The design duo unveiled their first-ever home collection in February in a way that’s entirely befitting their glamorous style: on the runway at New York Fashion Week, in conjunction with their newest fashion collection. Alongside the sartorial splendor of metallic accents, 1940s details, romantic flounces and luxe fabrics — plus a new sportswear line (think velvet sweatsuits, loungy pants and bedecked, slip-on sneakers) — there were some of the stars of the home line, maybe, possibly, stealing the show. After all, it can be challenging to ignore a sexy velvet sofa and a curvy tufted settee, even without impeccably dressed models strutting by them — especially when they were designed to be both “sensual” and “timeless,” in the words of Badgley.
“We used a lot of fabrics that were reminiscent of those we are using in the couture collection,” Mischka said, during a sneak peek of the home collection in February. “Our [fashion] collection is done with a lot of hand-beading and very intricate work on the couture gowns. And this collection also has handwork on it. All the finishes are distressed by hand. It’s extremely labor intensive, which is very much like our couture gowns.”

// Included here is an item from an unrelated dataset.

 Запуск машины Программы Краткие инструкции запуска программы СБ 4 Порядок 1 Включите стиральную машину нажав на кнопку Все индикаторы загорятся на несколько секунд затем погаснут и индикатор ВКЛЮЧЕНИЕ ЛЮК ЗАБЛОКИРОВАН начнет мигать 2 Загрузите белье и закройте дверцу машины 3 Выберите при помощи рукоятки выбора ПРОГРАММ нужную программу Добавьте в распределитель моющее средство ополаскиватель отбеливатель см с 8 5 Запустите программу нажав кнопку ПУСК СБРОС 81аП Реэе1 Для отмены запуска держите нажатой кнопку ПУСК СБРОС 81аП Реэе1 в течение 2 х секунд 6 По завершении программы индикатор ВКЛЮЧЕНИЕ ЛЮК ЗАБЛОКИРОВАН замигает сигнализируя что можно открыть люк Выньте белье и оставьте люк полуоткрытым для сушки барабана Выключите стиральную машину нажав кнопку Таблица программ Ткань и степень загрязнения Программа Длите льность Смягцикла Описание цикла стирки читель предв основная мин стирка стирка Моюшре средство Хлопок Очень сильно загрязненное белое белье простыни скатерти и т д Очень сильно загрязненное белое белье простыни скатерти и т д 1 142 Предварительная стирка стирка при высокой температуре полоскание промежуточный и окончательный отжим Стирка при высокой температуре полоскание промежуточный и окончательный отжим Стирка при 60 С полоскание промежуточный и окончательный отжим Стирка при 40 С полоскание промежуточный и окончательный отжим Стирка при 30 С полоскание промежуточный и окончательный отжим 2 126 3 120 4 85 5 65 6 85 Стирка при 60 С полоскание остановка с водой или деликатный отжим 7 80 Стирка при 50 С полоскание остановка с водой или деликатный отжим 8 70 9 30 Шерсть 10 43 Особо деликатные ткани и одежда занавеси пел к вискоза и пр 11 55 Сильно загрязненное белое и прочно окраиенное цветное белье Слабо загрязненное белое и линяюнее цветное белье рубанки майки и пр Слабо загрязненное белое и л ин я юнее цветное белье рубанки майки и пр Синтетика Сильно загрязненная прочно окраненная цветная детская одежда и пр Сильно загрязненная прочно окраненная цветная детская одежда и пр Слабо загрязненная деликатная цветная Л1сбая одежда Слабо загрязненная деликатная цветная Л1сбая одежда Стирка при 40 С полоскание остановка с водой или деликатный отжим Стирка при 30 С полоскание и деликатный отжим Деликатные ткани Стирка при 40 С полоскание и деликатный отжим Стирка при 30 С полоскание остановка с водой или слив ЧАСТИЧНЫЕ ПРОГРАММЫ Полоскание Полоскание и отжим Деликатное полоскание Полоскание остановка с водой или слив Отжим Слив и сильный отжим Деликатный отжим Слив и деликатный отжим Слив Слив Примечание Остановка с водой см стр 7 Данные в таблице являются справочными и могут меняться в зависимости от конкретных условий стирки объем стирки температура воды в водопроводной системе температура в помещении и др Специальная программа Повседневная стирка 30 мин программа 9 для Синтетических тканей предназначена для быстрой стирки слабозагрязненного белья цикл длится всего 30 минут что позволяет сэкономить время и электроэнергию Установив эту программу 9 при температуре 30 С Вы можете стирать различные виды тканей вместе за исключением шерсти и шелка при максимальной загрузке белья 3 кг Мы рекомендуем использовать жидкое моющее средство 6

The full collection, offering upholstered items, case goods, accent furniture and decorative accessories, among other items, is available online at badgleymischka.com.
Setting the expectation
Ever-increasing numbers of couturiers are expressing their design philosophy through this avenue today, setting the expectation for the couture connoisseur, for whom designer home collections represent an irresistible opportunity to drape more than just their custom closet shelving.
“To adorn your surroundings as beautifully as you do yourself is really a natural expression of style. Incorporating fabrics and accessories from these famed fashion houses such as Fendi, Ralph Lauren, Hermès and Missoni, for instance, is a wonderful way to articulate the continuation of a point of view on style in the home,” says Jaimal Odedra, fashion industry insider turned Maison Gerard-represented, internationally renowned designer of bronze objets d’art. “It allows someone to bring what’s on trend in fashion into the home, whether it’s in a small or large way.”

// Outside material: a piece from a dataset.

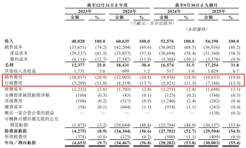 现金流方面,2023年和2024年,公司经营活动现金流净额分别为-2119.6万欧元和-1320.7万欧元,直到2025年前三季度才转正为183.6万欧元。此外,公司销售与行政开支高企。报告期内,其销售费用分别达1005.7万欧元、1260.5万欧元和1063.3万欧元,占同期总收入比重约20%;行政费用分别达529.9万欧元、831.9万欧元和718.6万欧元。扣除各项开支后,公司在2025年前三季度经调整净利润率(非国际财务报告准则计量)为2.3%。

Lovers of fine fashion and interiors can celebrate what Ralph Lauren calls “Classic Hollywood glamour meets the rustic elegance of Mediterranean-inspired style” at home with its spring 2017 collection. Called Mulholland Drive, it includes everything from chinoiserie secretaries to wood and iron console tables to plush, down-filled sofas. Those who adore the iconic Missoni zigzag can use it to dress their throw pillows, couch, dining chairs, bedding or pretty much anything that can be upholstered or draped. Fendi Casa’s latest offerings tap into the world-traveler mystique with collections inspired by Lake Como, Monte Carlo, Morocco and New York. At Armani/Casa, everything from handmade rugs, to textiles and wallcoverings, to custom-finished dining room tables and limited-edition brushed-steel writing desks finished with 24-karat gold can be purchased.

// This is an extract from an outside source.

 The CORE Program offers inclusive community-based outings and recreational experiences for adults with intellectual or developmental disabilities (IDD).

Dior took a different route with its newest foray into home design last year. Instead of a “traditional” couture home collection, Dior introduced Dior MAISON, a new House of Dior boutique on London’s tony Bond Street. Initial offerings included crystal glassware from Jeremy Maxwell and hand-embroidered linens from Véronique Taittinger. They are designed to stand up to “the same level of refinement with which Christian Dior decorated his residences in Paris, Milly-la-Forêt and La Colle Noire in Provence,” according to Dior MAG. The boutique intends to continue the collaborative play, with new artists and designers creating limited-edition pieces for consumers who know that when it comes to high-end home design, it’s all in the name.